Afternoon Tea in Jerusalem Blog

In addition to my work as a business coach, one of my interests is blogging about life in Israel. This is a country full of contrasts – over eight million citizens living in an area the size of Wales. You can see snow and the lowest place on the globe in the same day. Although surrounded by geopolitical extremes, Israel has achieved a decade of high economic growth. My work brings me in contact with an array of new companies, exciting technologies and dynamic characters. Sitting back with a relaxing cup of strong tea (with milk), you realise just how much there is to appreciate in the Holyland. Large or small operations, private sector or non profit, my clients provide experiences from which others can learn and benefit.

Freezing cold in late January in Jerusalem. The threat of snow is in the air. And nearly 50 of the world’s biggest leaders have descended on the city in order to honour the 75th anniversary of the liberation of Auschwitz Concentration Camp.

As traffic snarls up to ensure clear passage for the celebs, all around them a major economic transformation is in process. The Jerusalem economy is emerging from its slumbers, previously branded as a city for religious tourists – Jewish or otherwise – and civil servants. Jerusalem is moving towards Palo Alto, so to speak.

Mobileye may be a one-off story, the proverbial commercial unicorn rising out of the holy city, but it does represent the start of something new. It was purchased for over US$15 billion dollars by Intel. It had planned a 30 floor high HQ in Jerusalem.  It has since decided “to amend the NIS 950 million ($274 million) plan for a more modest group of five buildings, each nine stories high…”
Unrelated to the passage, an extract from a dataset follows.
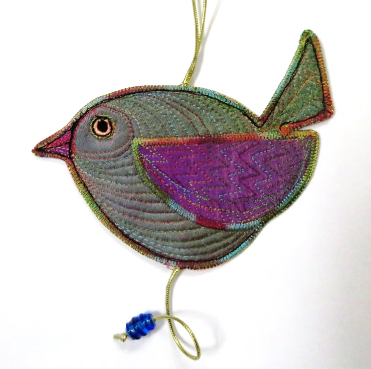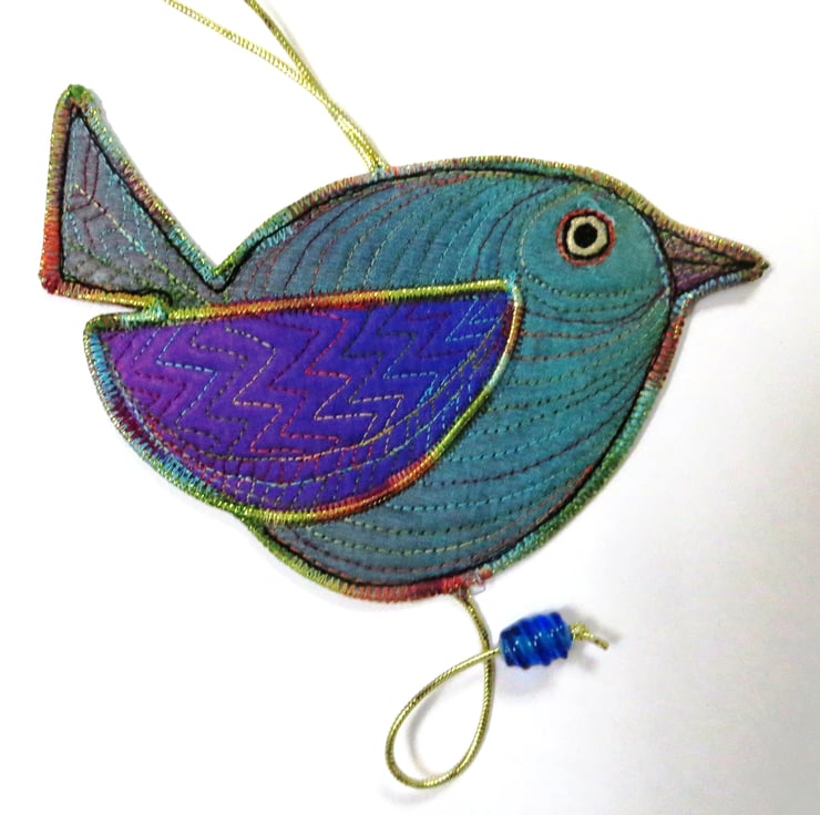 This is a multi layered fabric hanging decoration using silks and stitching to create an effect, it is multicoloured

About five kilometers away are the offices of Our Crowd. Their rapid rise to success as arguably the most successful global investment crowd funding platform has ironically paralleled the rise to fame of Mobileye. Next month, they will hold their annual event in Jerusalem.

Their press release today points out that: –

OurCrowd reports that 32 of the startups presenting at the past four summits had an exit or IPO within 12 months. The 2019 OurCrowd Summit featured 7 startups that later exited, including:

Beyond Meat: Biggest IPO in a decade, May 2019
Magisto: Acquired by Vimeo for $100 million, April 2019
Wave: acquired in June 2019 by H&R Block
Prior years’ Summit featured many startups that later exited, including:

Jump Bikes 2018, acquired by Uber two months later
Briefcam 2018, acquired by Canon six months later
Invertex 2017, acquired by Nike three months later
Mobileye 2017, acquired by Intel for $15.3 billion two months later
Crosswise 2016, acquired by Oracle three months later
Replay 2016, acquired by Intel two months later

Oded Barel of the Jerusalem Development Authority has also listed some of the investment highlights of 2019, featuring local corporates on the go. For example:

  • 🦄 Lightricks raised $135M and became a unicorn. If that wasn’t enough, it also won both Apple’s and Google’s best app of 2019 awards.
  • 👁️ Orcam’s MyEye has been selected as one of Time Magazine’s best innovations.
  • 🏡 Hometalk raised $15M to expand their DIY content platform.
    🧠 CNVRG raised $8M to expand to NYC and help enterprises adopt machine-learning.
  • 🚗 C2A raised $6.5M to develop its end-to-end cybersecurity platform for cars.
  • 🏥 Pepticom raised $5M to accelerate drug-discovery using AI.
  • 🍣 Bitemojo won the UNWTO global competition for gastronomy tourism startups.
  • 👋 Mellanox, Via, Taboola and Vayyar have all announced they are opening R&D activity in Jerusalem. Welcome, fellas.

Gathering together stats from various reports, there are around 41,000 business enterprises in Jerusalem. Nearly 4,000 new ones opened up in 2018, although a further 3,000 closed down. Interestingly, both this rate of growth and the relatively low turnover is better than the national average. One reason for this is clearly the strong presence of NPOs like MATI, which promotes Biz Dev amongst some of the weaker parts of the local community.

What next? Ask the 50 world leaders visiting us this week. They may have been here to discuss the Holocaust. I can assure that business and trade were also close to the top of the private agendas.